Pairing: Sweaty Martinis in Nick & Nora Glasses
The curfew continued, though pushed to 10 p.m., and for a few weeks we went into full lockdown on Sundays for vaguely religious reasons, it seemed. We were stopped by cops just for trying to go on our daily morning jog because of this new rule, but they were much nicer than before. The Leatherback Acerola Cherry Hefe was out of stock, so we got a six-pack of Lagunitas Super Cluster IPA to end the workdays, to mark a transition that didn’t feel real anymore without that punctuation.
Pairing: Cans of Lagunitas Super Cluster IPA
To cheers, the Sunday lockdown recently lifted. We’re now allowed not just to be out until 10 p.m. but to purchase alcohol after 7 p.m., meaning the bars are open later, meaning the whole town feels less ghostly far too early in the evening. The tourism has slowed down, probably because school is back in session, but visitors continue to walk the streets without masks, drinks in hand that they’ll eventually leave on someone’s balcony, having photo shoots against the candy-colored buildings of the colonial city. I watch two men with frozen pink drinks walking down the street without a care in the world, as a driver turns down his reggaeton to tell them to wear masks. “You’re not a cop,” the tourists yell back, and the driver repeats himself. They don’t listen.

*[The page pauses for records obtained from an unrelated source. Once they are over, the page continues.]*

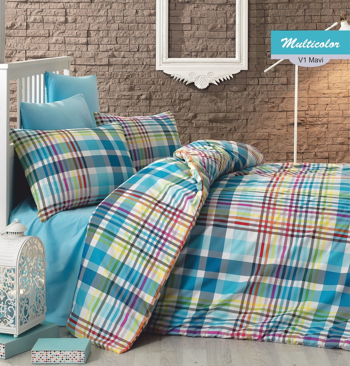 Lenjerie de pat dubla Multicolor, Majoli Home Collection, 4 piese, 200x220 cm, 100% bumbac ranforce, multicolor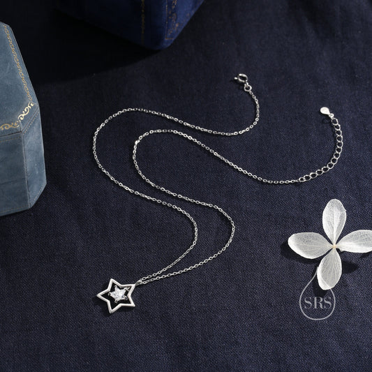 CZ Star Pendant Necklace in Sterling Silver, Silver or Gold, Open Star Halo Necklace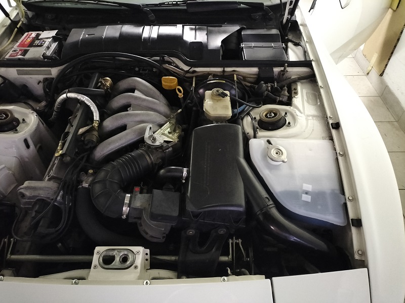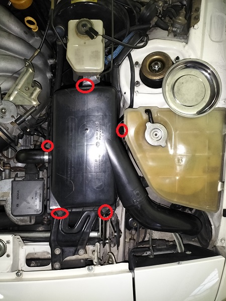 TEMPO RICHIESTO: 1,25 ora DIFFICOLTA': semplice PARTI NECESSARIE Vaschetta di compensazione: 944 106 125 06 (attenzione la 944 Turbo ha un codice diverso. Verificare il codice corretto per la propria auto) COSTO Vaschetta di compensazione, originale Porsche: 234 € Pompa aspira liquidi: 7 € circa su Amazon VEICOLI DI PERTINENZA PER LA PROCEDURA: 944 aspirata 163 CV. Con minime variazioni la procedura si applica anche alle altre versioni ATTENZIONE: il lavoro deve essere eseguito a motore FREDDO ESECUZIONE Se si desidera sostituire il liquido antigelo si proceda prima allo svuotamento dell'impianto. Nel forum ho fatto un thread sull'argomento.4 Nel mio caso, essendo il liquido recente, ho iniziato subito con il lavoro di sostituzione della vaschetta. Rimuovere il coperchio dell'airbox, svitando le viti evidenziate in foto) e il filtro dell'aria (può essere una buona occasione per sostituirlo)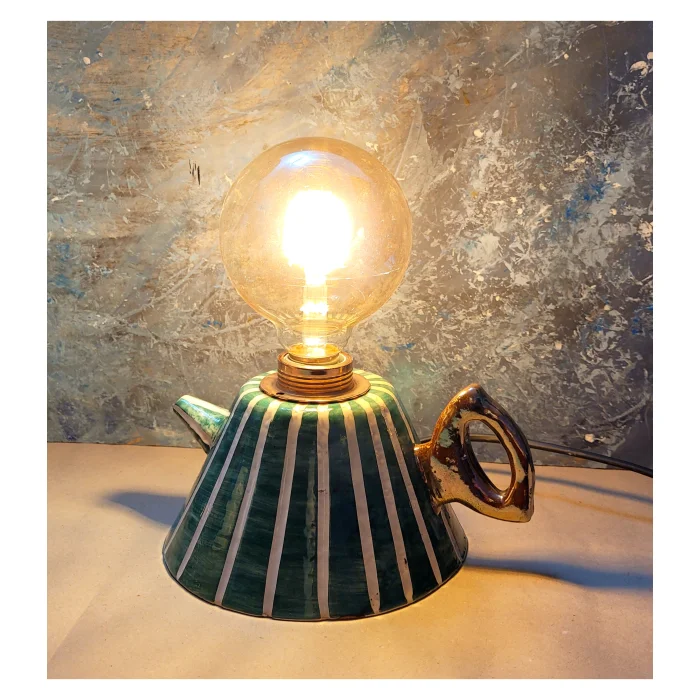 Teapot-shaped, completely handmade and hand-painted, ceramic lighting, decorative table, bedside lamp, decorative lighting object.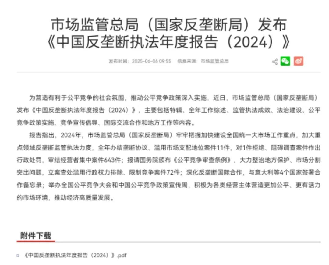 《中国反垄断执法年度报告》发布,阿里、美团、知网等督导案例在列

Our days continue largely unchanged, but with welcome flexibility. It continues to be the drinks that mark them, that give them meaning. We order bottles of cold brew from a local business called Chubidubi, and the owner tells us he’s making beers, so we order a six-pack. They’re a smooth, high-ABV Lager capped with light blue wax. They taste like possibility, and that’s all we can hope for right now.